- _What is required_:
Search the listing below for the line with "Vintage modernist mixed", then write out that line and every one after it exactly, without the pictures.

- _The data_:
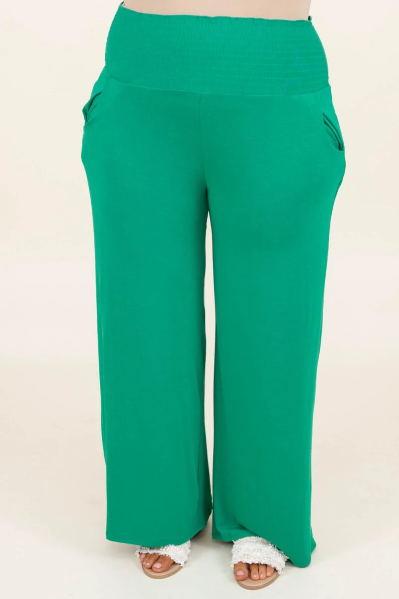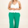 These pants are so bold and fun! The solid kelly green color will turn everyone’s heads and the soft material will have you in comfort all day long! These have a high smocked waist to keep you secure and the wide leg style is so in right now! Style these with basic white tank and some white sandals for a super chic look!
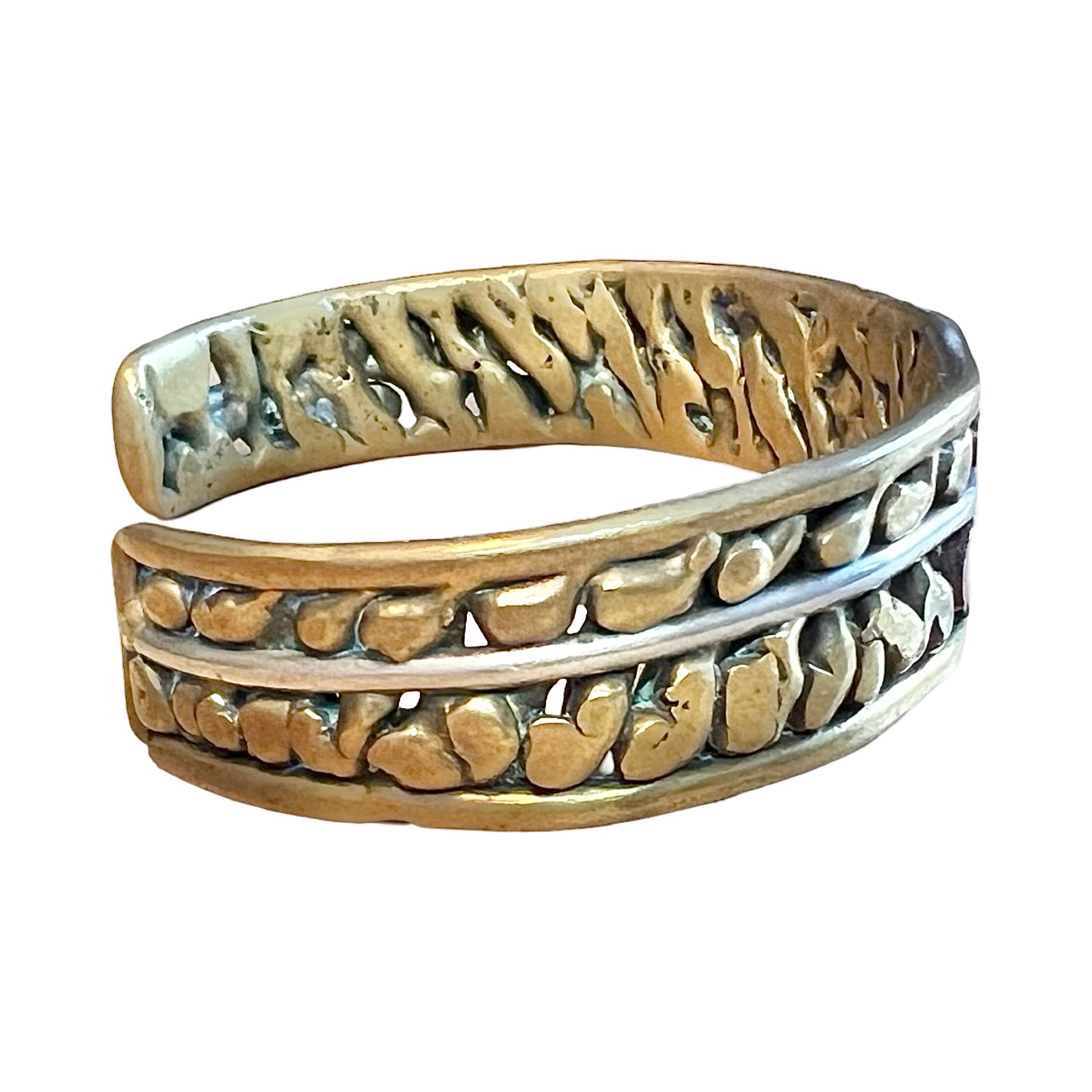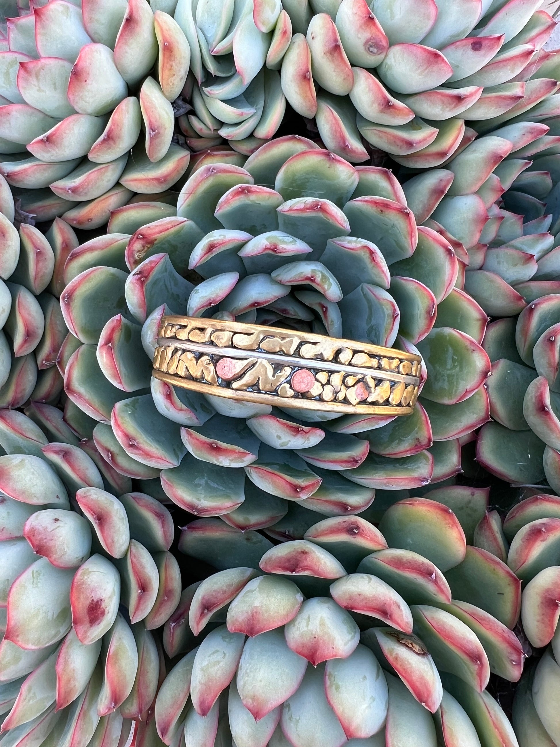 Vintage modernist mixed metal cuff with brass, copper, and silver. Measures 5” in circumference with a 1.25” opening.
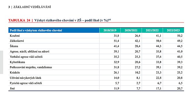 Ve výroční zprávě „Kvalita vzdělávání v České republice“ České školní inspekce se však mimo jiné píše, že za uzavřený školní rok 2022 a 2023 téměř u všech sledovaných forem rizikového chování zaznamenaly školy nárůst jeho výskytu.
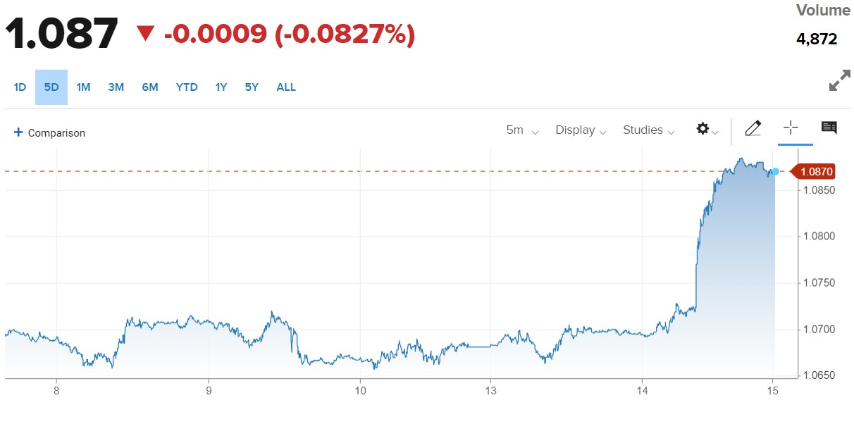 Diễn biến tỷ giá EUR/USD trên thị trường thế giới (Nguồn: CNBC)

- _Result of the exercise_:
 Vintage modernist mixed metal cuff with brass, copper, and silver. Measures 5” in circumference with a 1.25” opening.
 Ve výroční zprávě „Kvalita vzdělávání v České republice“ České školní inspekce se však mimo jiné píše, že za uzavřený školní rok 2022 a 2023 téměř u všech sledovaných forem rizikového chování zaznamenaly školy nárůst jeho výskytu.
 Diễn biến tỷ giá EUR/USD trên thị trường thế giới (Nguồn: CNBC)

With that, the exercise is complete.